Ice cream with fresh fruit also works well. Buckwheat crepe with chocolate yogurt surprises, if you want a chnage. And here is the mix of rhubarb and custard, that combines tartness and creaminess perfectly.
Preparing the batter is the hard part, genuinely. You work with unleavened dough that cooks on a frying pan or griddle, but the mix is everything. If too thin, it gives uneven cover with annoying bubbles everywhere.
Too thick, and you make a normal pancake. The batter is simply pancake batter with extra milk mixed inside. For sweet crepes, beat first eggs with sugar until it is pale and light, later mix the flour step by step, sift it before, while you pour milk in room temperature.

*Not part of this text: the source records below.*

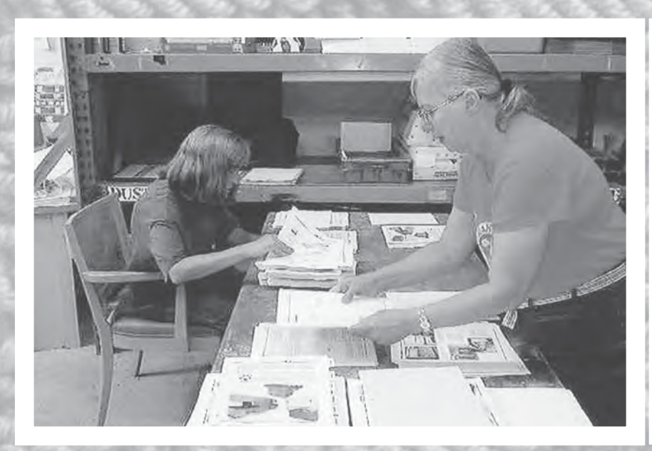
Trainees working on a hand collating job for K & L Looseleaf Co.
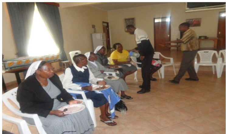
Male staff serving the ladies during the International Women's Day at ASN Upendo Village

The team from Upendo celebrated together and a member of staff gave a speech on the theme of the year and what Upendo has done to improve the lives of women in the community.
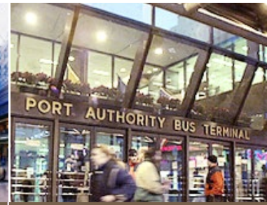
Port Authority Bus Terminal

Like this you escape lumps.
One recipe mixes 2 cups flour, 4 eggs and 1 cup of milk together with water, plus half spoon of salt and 4 spoons melted butter. Other varieties use 6 eggs, around 1.5 cup water and same of all-purpose flour with only pinch of salt, well whisked and left in the refrigerator for 30 minutes. Small batch usually gives 4 to 5 crepes, according to the size of your pan and how much you pour.
Cooking is easy, after you get the rhythm. Heat this your crepe pan, pour a bit of oil, later pour batter on it and turn for even cover. When the edges turn brown, end, usually only 1 or 2 minutes.
You succeeded, if they look lacelike and tender. Hold the heat low. They cook more quickly than normal pancakes in several sets.
For a crowd, three crepes each person disappear soon. Leftovers stack between parchment and enclose in a zip-bag, they stay 3 days in the refrigerator or 3 months frozen. Or cover with plastic wrap and cool until usage.
Test first one crepe to control the batter amount? It is the bestnotion.